Supplied data section start

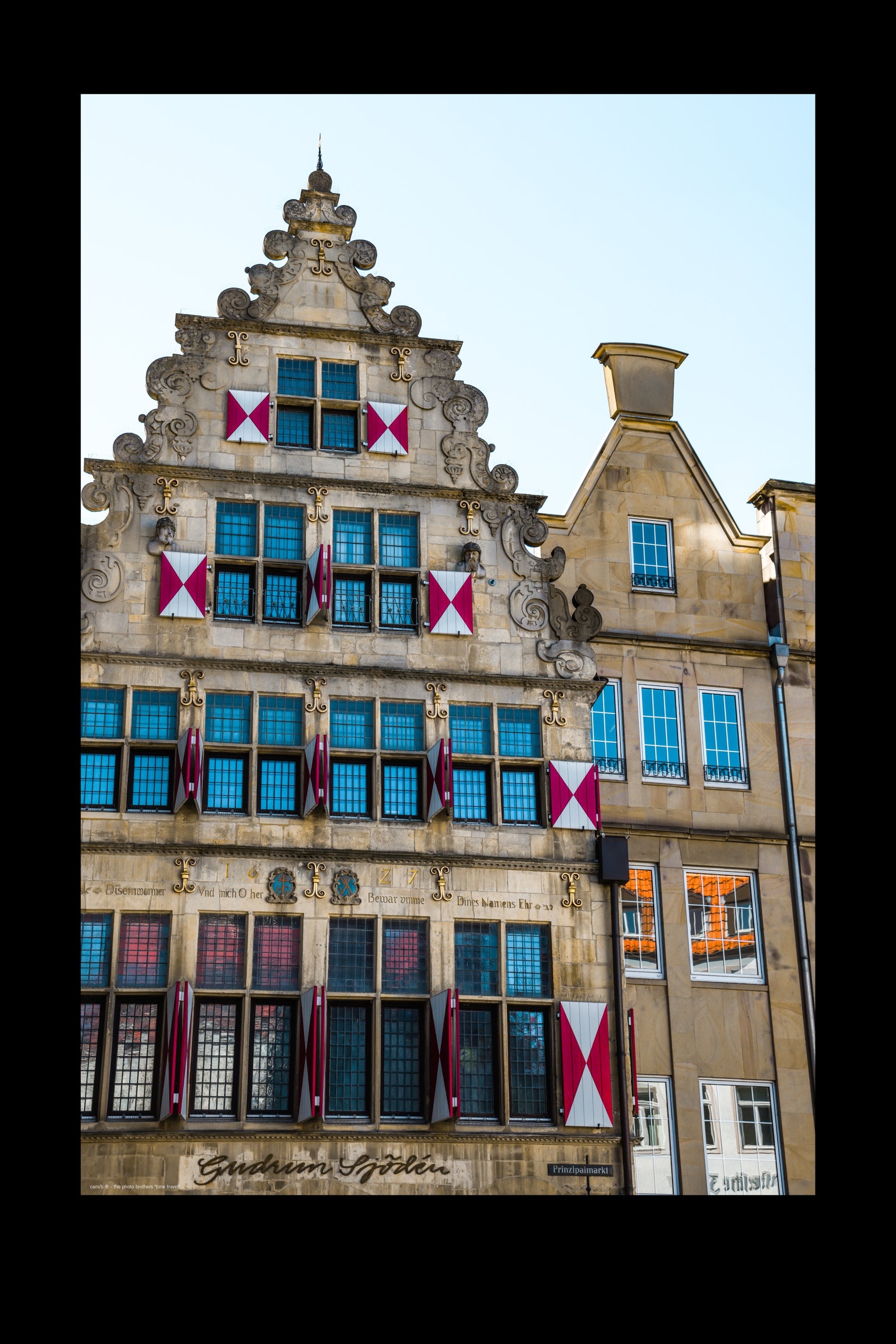 Alte Hausfassade in Münster am Prinzipalmarkt (Fotograf: DE, 2022).
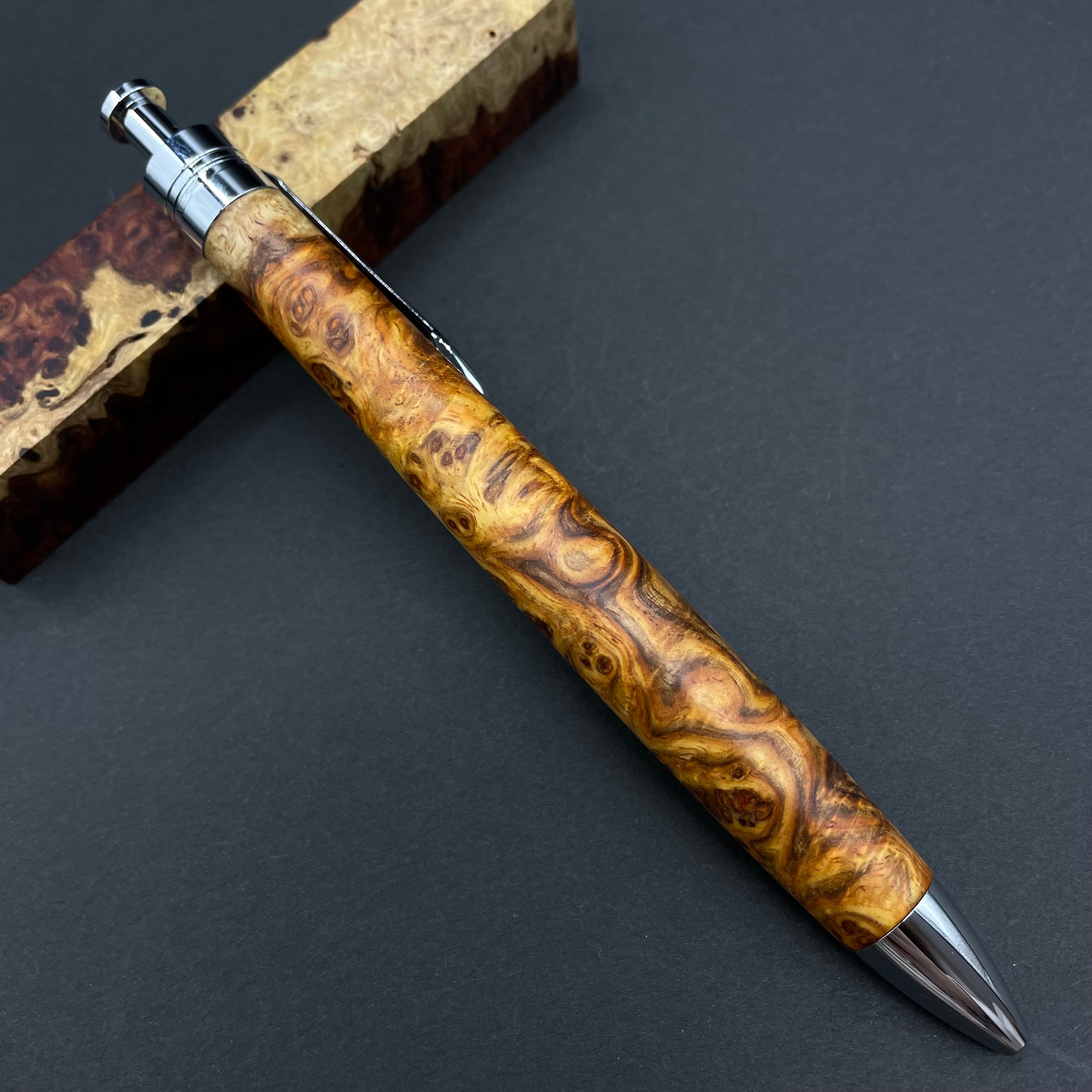 【極上杢 アンボイナバール 紅白】木軸ペン 三神シャープ1100 / 三神ボール1000
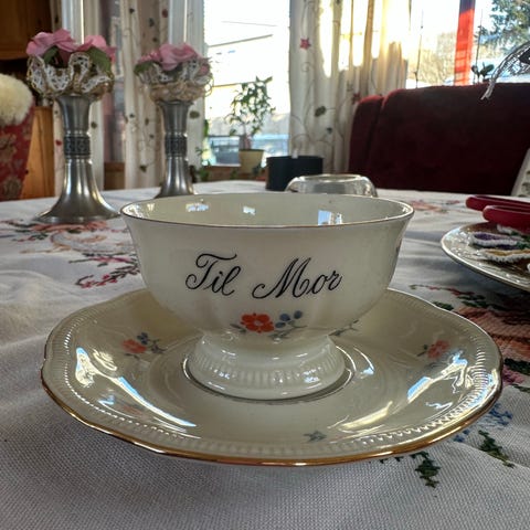 2 stk Porsgrund Til Erindring kopp med skål i porselen. Serviset er hvitt med blomsterdekor og teksten «Til Erindring» på koppen. Både kopp og skål har gullfarget kant. Egner seg til servering av kaffe eller te. Leveres i original eske slik som vist på bildene.

Supplied data section end

### What needs to be done
Every line of the material must be returned verbatim, and pictures must be left behind.

### Exercise answer
 Alte Hausfassade in Münster am Prinzipalmarkt (Fotograf: DE, 2022).
 【極上杢 アンボイナバール 紅白】木軸ペン 三神シャープ1100 / 三神ボール1000
 2 stk Porsgrund Til Erindring kopp med skål i porselen. Serviset er hvitt med blomsterdekor og teksten «Til Erindring» på koppen. Både kopp og skål har gullfarget kant. Egner seg til servering av kaffe eller te. Leveres i original eske slik som vist på bildene.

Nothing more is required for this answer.